Jason answered, “We’ll most likely find out.” There was a pause and then Jason said, “Okay, what’s all this mean? Dr. Dunst obviously thinks he’s doing this, whatever it is, for a good reason—saving lives. Money didn’t come up anywhere. And the milkweed? I read recently that we’re losing those plants, and it’s affecting our Monarch butterfly population. Butterflies are transformative. In fact, their chrysalises look similar to the milkweed seedpod. A connection? Is there something transformative going on here?”
“Good questions. I’m going to see what happened with Richard and Koko. I’ll get back to you shortly.”
Agent Blake flipped a switch so Jason couldn’t listen in. “We got other news,” he said.
Dan raised his eyebrows in response.
“You talk with Richard. Get all your notes, and we’ll tell you what we found out,” Blake said.
“You’re making me wait? Is this suspense?”
“We just want you to get the information you need,” Cora said. She snapped her fingers. “Let’s get to it.”
Dan called Richard back and was told an interesting story about mirrors that Richard brought with him into the journey.
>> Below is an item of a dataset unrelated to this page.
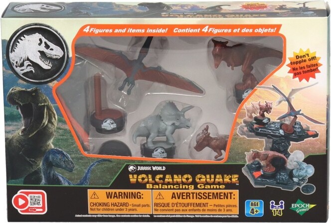 Unique balancing game with Jurassic World dinosaurs. Volcano stage shakes and dinosaurs slide as you place and remove figures based on the number you roll on the die. Be careful they don't topple off the volcano! Includes volcano stage with 4 collectible dinosaur figures and die.

The mirrors had been set up all around the room. Then he called for Sarah. When she showed up the mirrors were moved into place. “A nudge here, a pull there. By the time she noticed, she didn’t know which way was out.”
“How did you remember the way out?” Dan asked.
“Foot in the door. That’s all you need for now. What’s important is that she’s really not very good at any of this. I’m surprised you didn’t see her coming. She’s loud and clumsy. But she must have them snowed, the people who hired her.”
“Maybe they didn’t hire her, but that’s another question,” Dan said. “And if they did hire her, they probably don’t understand any of the work.”
“Well, she quickly begged me to let her go.”
“And?”
“I didn’t. Not yet. I’ll go back when this is over and let her loose.”